Hey, I just got around to studying this. - Nice clear email! - Everything really makes sense. - Thank you for fixing the -excludes thing in the yaml. That was rough :) - The graph view in Blue Ocean is easy to see and understand. - "We now support “sub stages” which provide the ability to run multiple different scripts in parallel" -- what kind of races should we watch out for? :) For example in OST, I think I'll have to adapt docker stuff to be aware that another set of containers could be running at the same time -- not positive though. It looks like the substages replace change_resolver in OST. Can you go into that in more detail? How does this impact running run mock_runner locally? When I run it locally it doesn't appear to paralleilize like it does in jenkins / Blue Ocean. Best wishes, Greg On Mon, Apr 16, 2018 at 10:17 AM, Barak Korren <bkorren@redhat.com> wrote:
The CI team is thrilled to announce the general availability of the second version of the oVirt CI standard. Work on this version included almost a complete rewrite of the CI backend.
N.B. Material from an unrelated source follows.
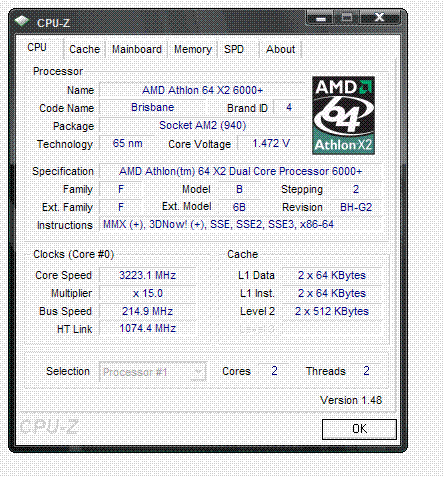 | Процессор (ядро) | AMD Athlon 64 X2 (Brisbane) |
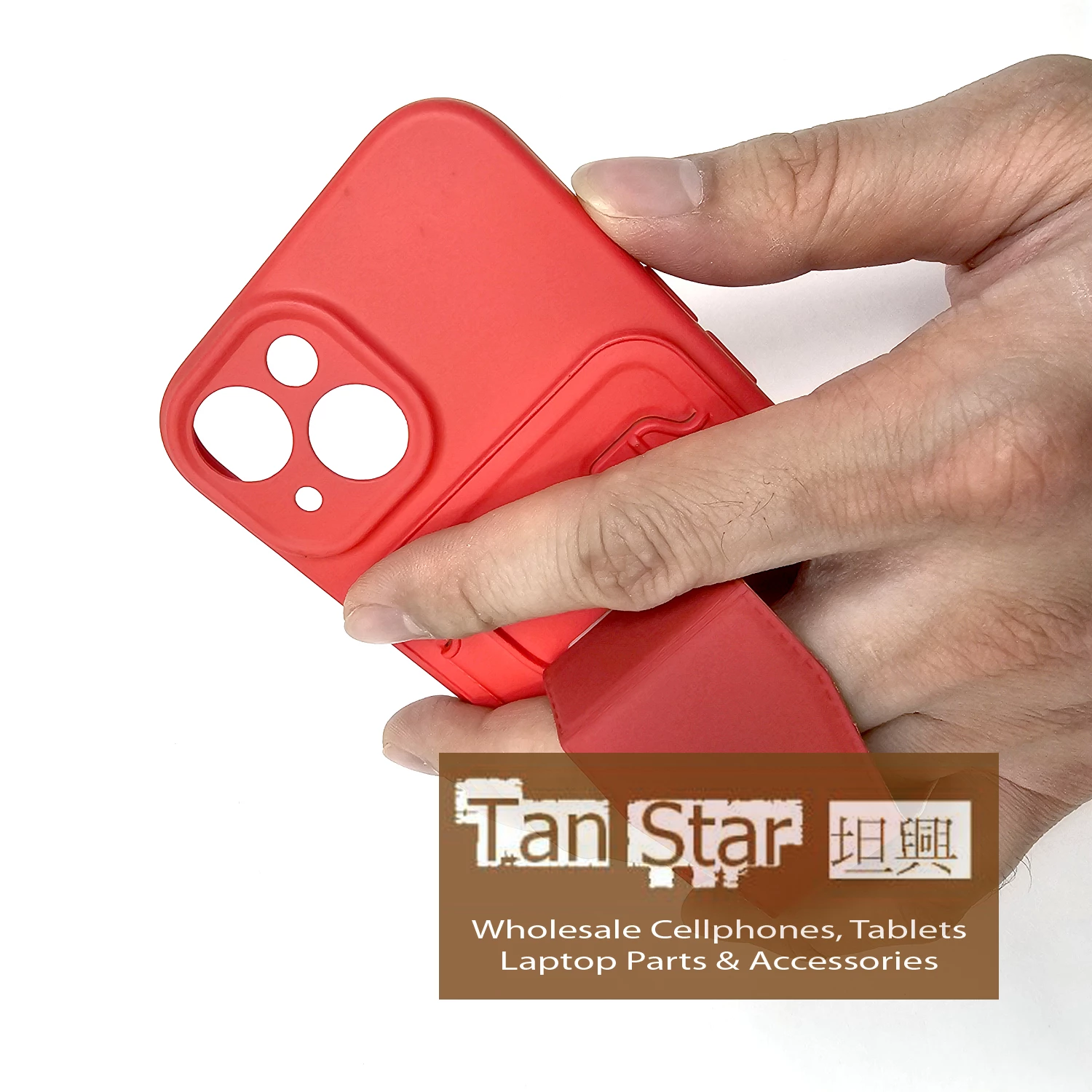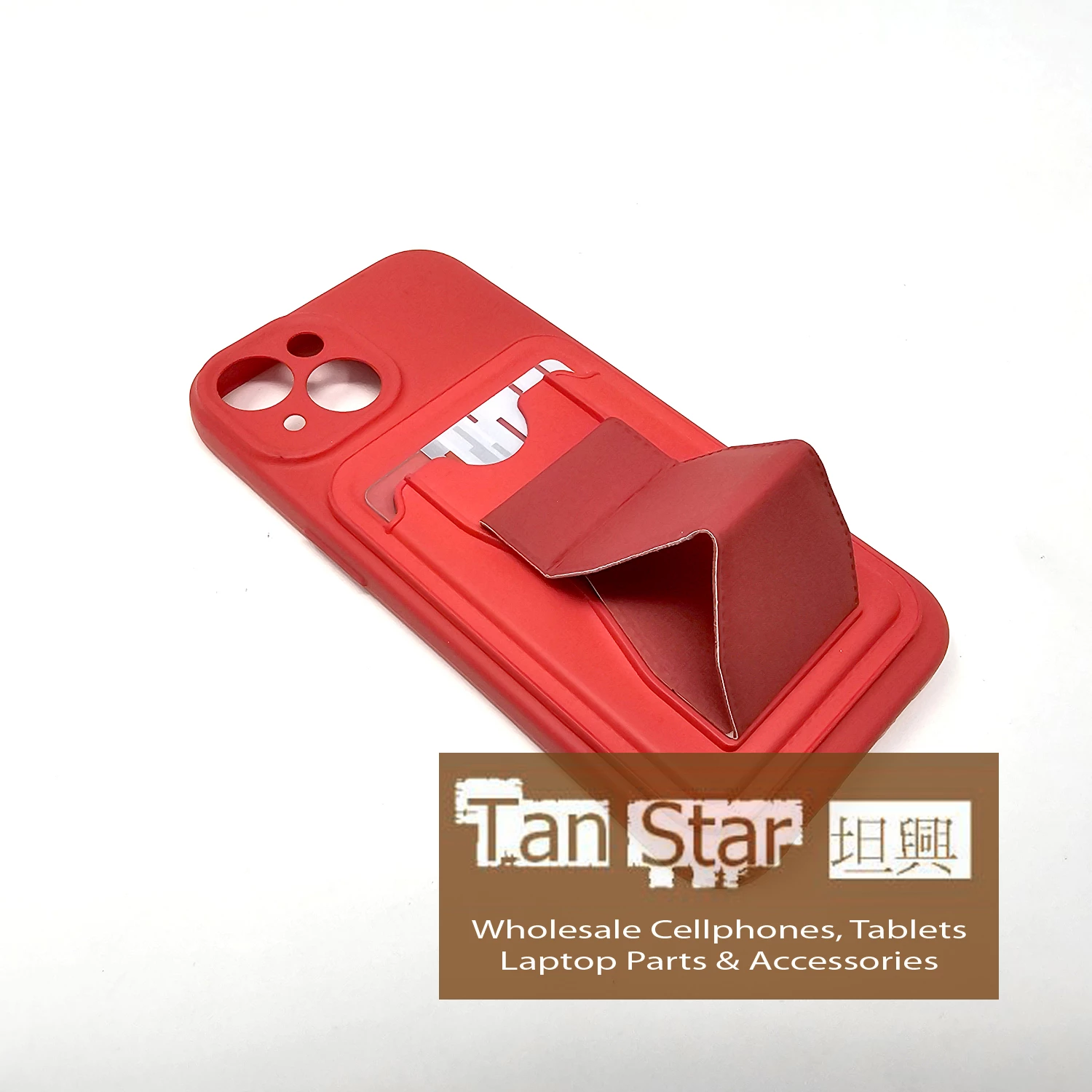 Standing Card Secure Wallet Card Holder Case with Passthrough Kickstand for Apple iPhone 15 Plus.

The major user-visible features are:
- Project maintainers no longer need to maintain YAML in the ‘jenkins’ repository. Details that were specified there, including targeted distributions, architectures and oVirt versions should now be specified in a YAML file under the project’s own repository (In a different syntax).
- We now support “sub stages” which provide the ability to run multiple different scripts in parallel within the same STDCI stage. There is also a conditional syntax which allows controlling which scripts get executed according to which files were changed in the patch being tested.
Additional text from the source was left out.